Text only, exactly as given: reproduce the entries below without their pictures.

# PROVIDED DATA
************

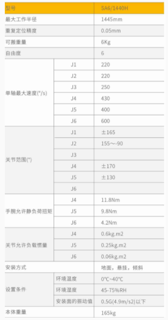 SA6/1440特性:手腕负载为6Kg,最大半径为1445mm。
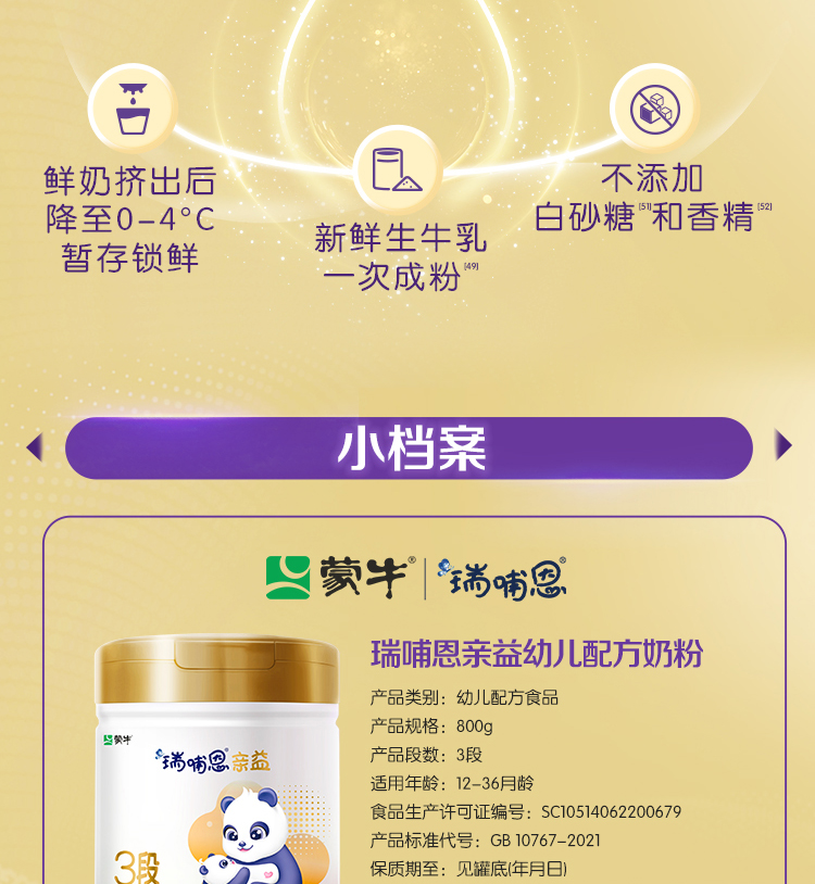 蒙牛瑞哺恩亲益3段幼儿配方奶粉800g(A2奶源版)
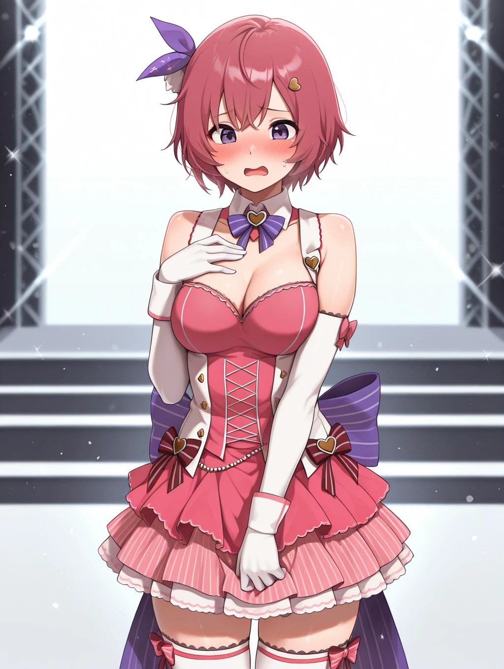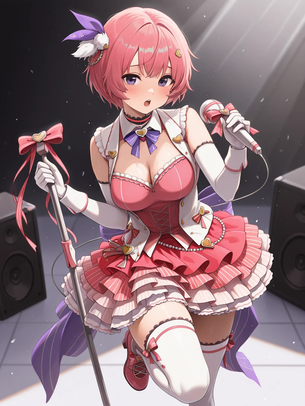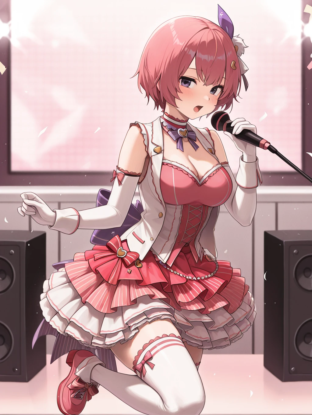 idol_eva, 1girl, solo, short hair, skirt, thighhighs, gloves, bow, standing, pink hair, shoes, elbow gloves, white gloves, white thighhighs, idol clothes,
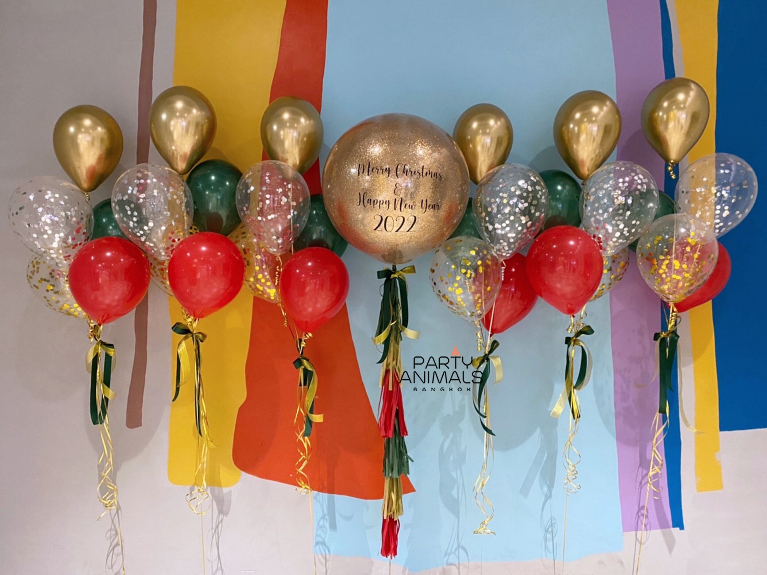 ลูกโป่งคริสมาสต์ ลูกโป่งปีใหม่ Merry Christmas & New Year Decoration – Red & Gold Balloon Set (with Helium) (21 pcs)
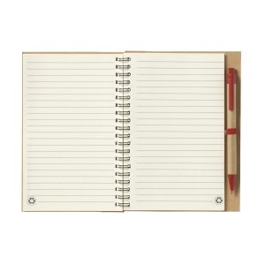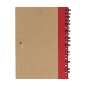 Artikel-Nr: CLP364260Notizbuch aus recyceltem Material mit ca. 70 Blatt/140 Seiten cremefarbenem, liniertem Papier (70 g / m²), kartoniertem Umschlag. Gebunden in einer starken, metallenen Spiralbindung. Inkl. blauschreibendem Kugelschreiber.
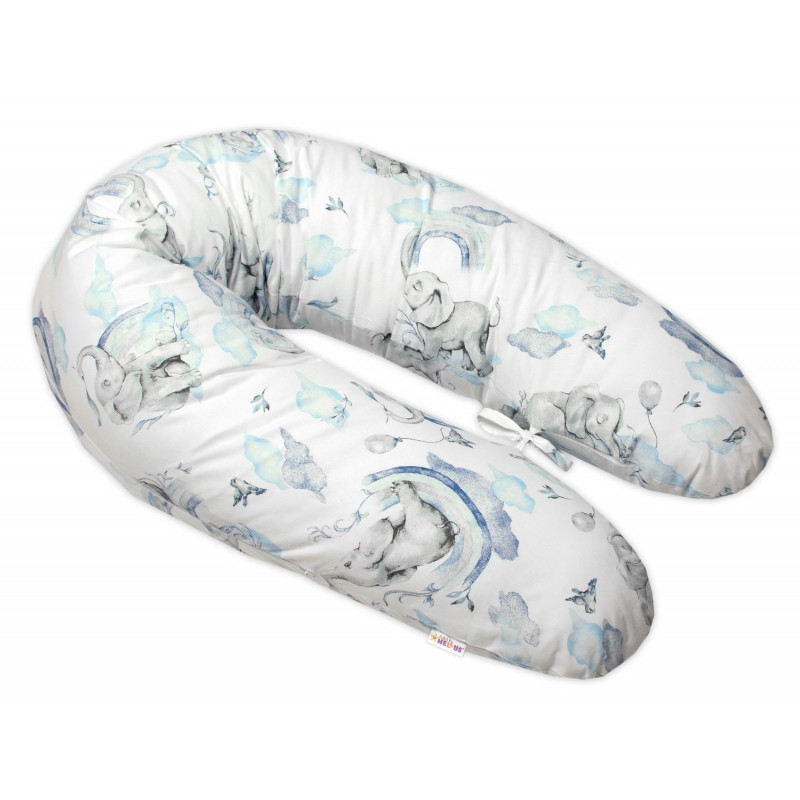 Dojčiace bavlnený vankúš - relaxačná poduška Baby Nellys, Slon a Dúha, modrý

************

# EXERCISE RESPONSE
 SA6/1440特性:手腕负载为6Kg,最大半径为1445mm。
 蒙牛瑞哺恩亲益3段幼儿配方奶粉800g(A2奶源版)
 idol_eva, 1girl, solo, short hair, skirt, thighhighs, gloves, bow, standing, pink hair, shoes, elbow gloves, white gloves, white thighhighs, idol clothes,
 ลูกโป่งคริสมาสต์ ลูกโป่งปีใหม่ Merry Christmas & New Year Decoration – Red & Gold Balloon Set (with Helium) (21 pcs)
 Artikel-Nr: CLP364260Notizbuch aus recyceltem Material mit ca. 70 Blatt/140 Seiten cremefarbenem, liniertem Papier (70 g / m²), kartoniertem Umschlag. Gebunden in einer starken, metallenen Spiralbindung. Inkl. blauschreibendem Kugelschreiber.
 Dojčiace bavlnený vankúš - relaxačná poduška Baby Nellys, Slon a Dúha, modrý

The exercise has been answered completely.